## Assignment:
Restate word for word the lines below that run from the one holding "We have achieved" through the one holding "derecha y que", inclusive. Pictures don't belong in the copy.

## Records to use:
------------------------------------------------

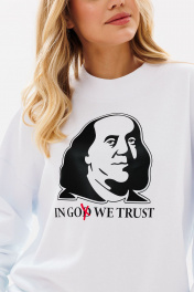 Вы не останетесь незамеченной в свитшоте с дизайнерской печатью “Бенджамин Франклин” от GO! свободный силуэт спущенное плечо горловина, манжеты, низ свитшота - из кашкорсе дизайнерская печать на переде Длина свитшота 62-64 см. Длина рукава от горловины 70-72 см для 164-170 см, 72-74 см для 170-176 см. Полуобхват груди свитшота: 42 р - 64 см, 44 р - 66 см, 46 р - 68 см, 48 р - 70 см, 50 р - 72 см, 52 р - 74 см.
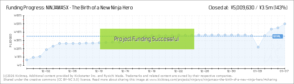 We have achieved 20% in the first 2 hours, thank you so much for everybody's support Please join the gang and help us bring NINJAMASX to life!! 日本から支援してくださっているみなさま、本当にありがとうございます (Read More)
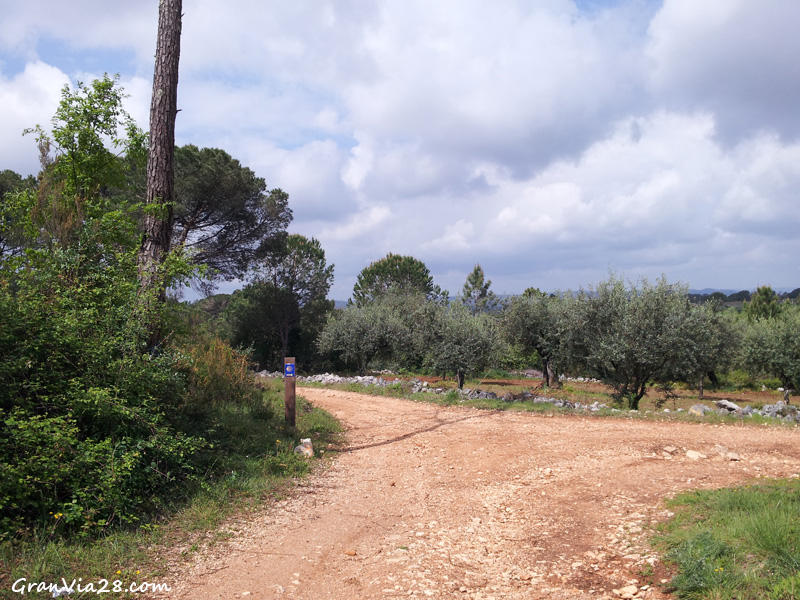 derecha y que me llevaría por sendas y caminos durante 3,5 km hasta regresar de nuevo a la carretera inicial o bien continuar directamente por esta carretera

------------------------------------------------

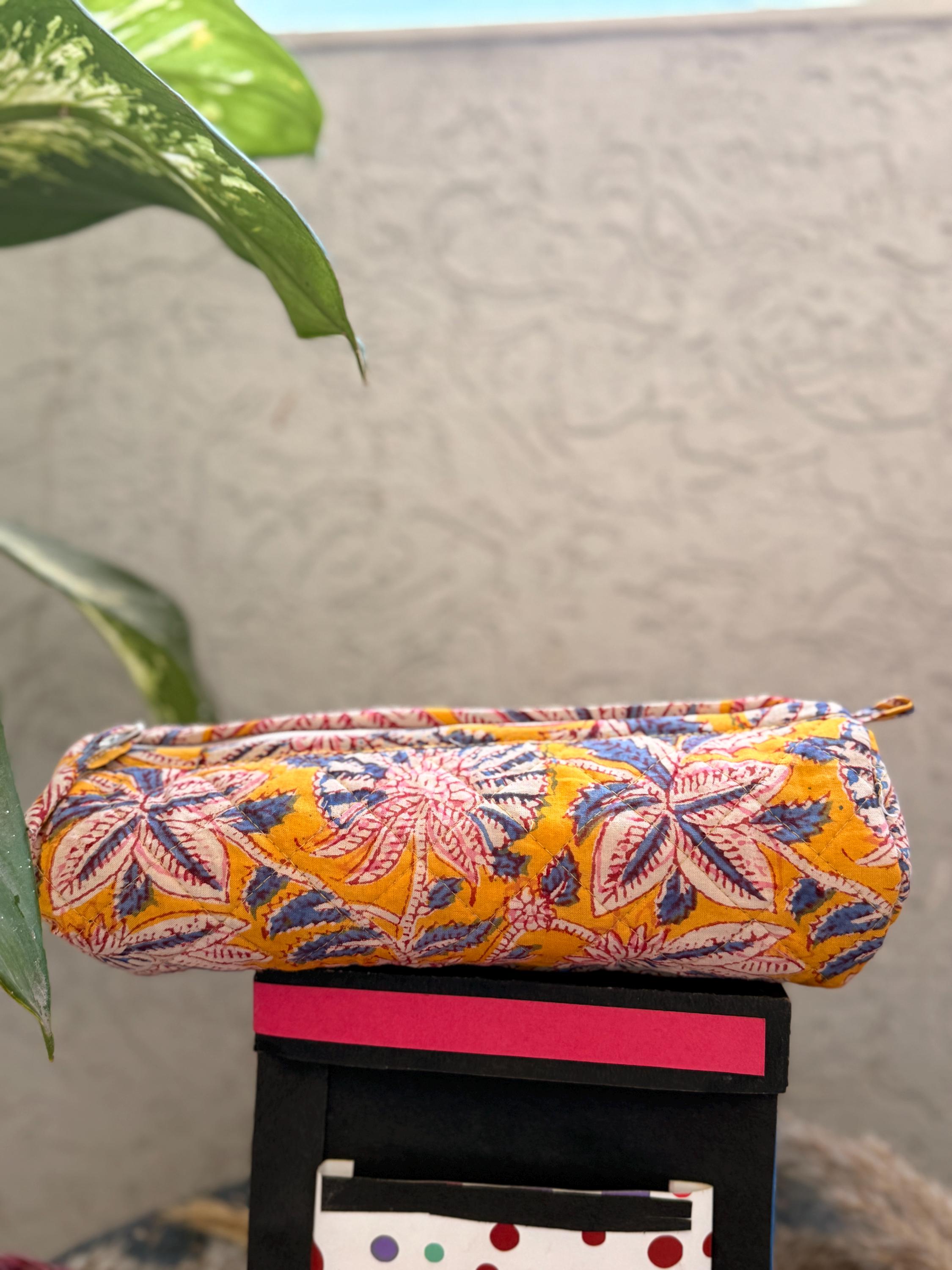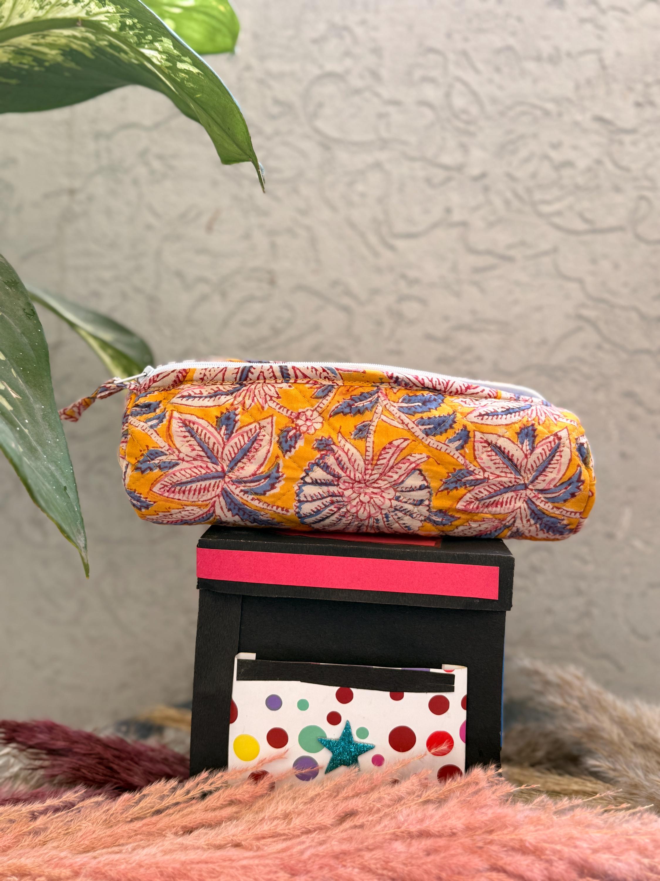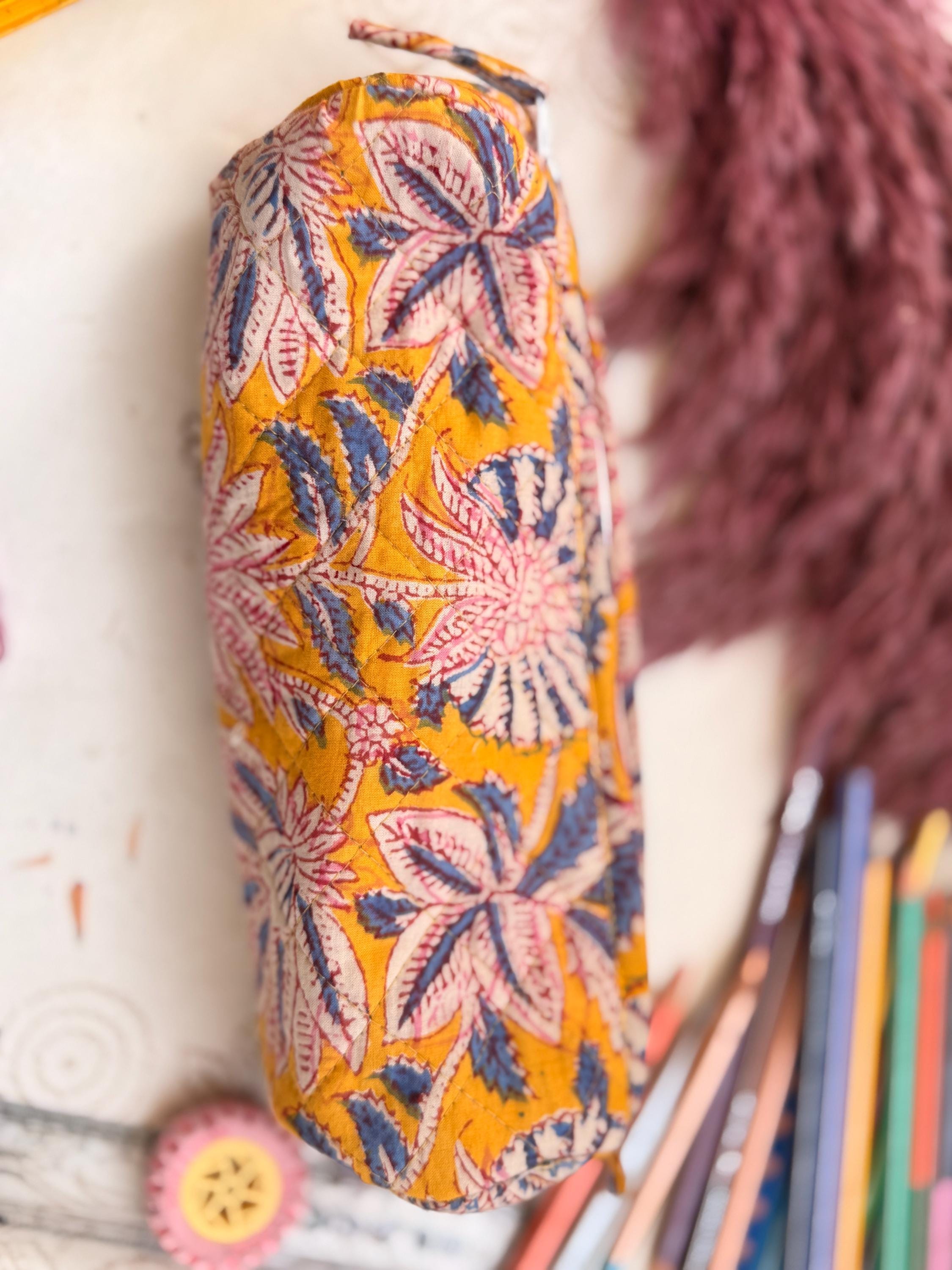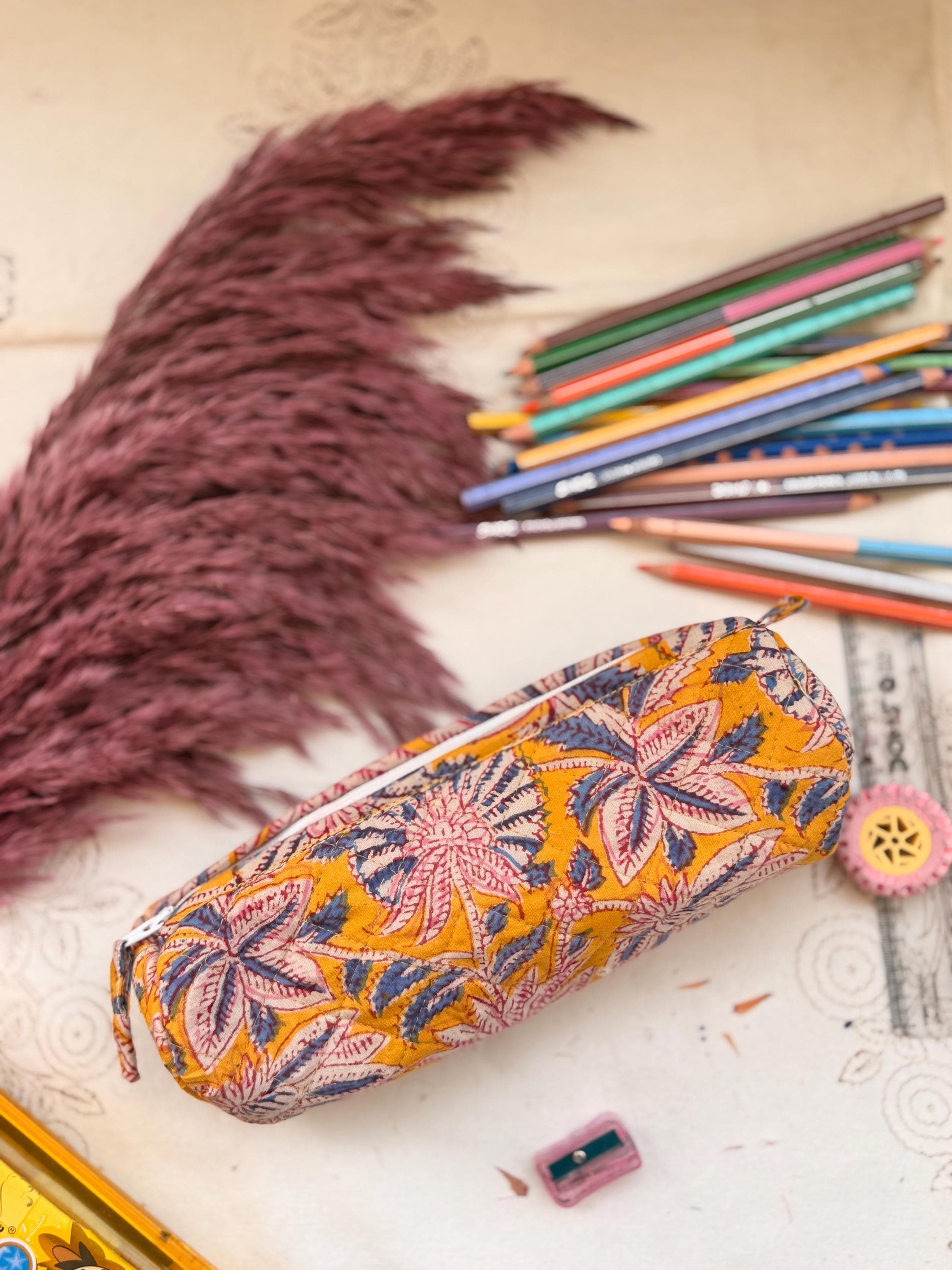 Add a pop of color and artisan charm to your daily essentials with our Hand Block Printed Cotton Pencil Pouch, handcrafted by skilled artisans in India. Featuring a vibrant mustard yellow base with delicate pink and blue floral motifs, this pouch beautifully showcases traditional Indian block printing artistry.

------------------------------------------------

## Solution to the exercise:
 We have achieved 20% in the first 2 hours, thank you so much for everybody's support Please join the gang and help us bring NINJAMASX to life!! 日本から支援してくださっているみなさま、本当にありがとうございます (Read More)
 derecha y que me llevaría por sendas y caminos durante 3,5 km hasta regresar de nuevo a la carretera inicial o bien continuar directamente por esta carretera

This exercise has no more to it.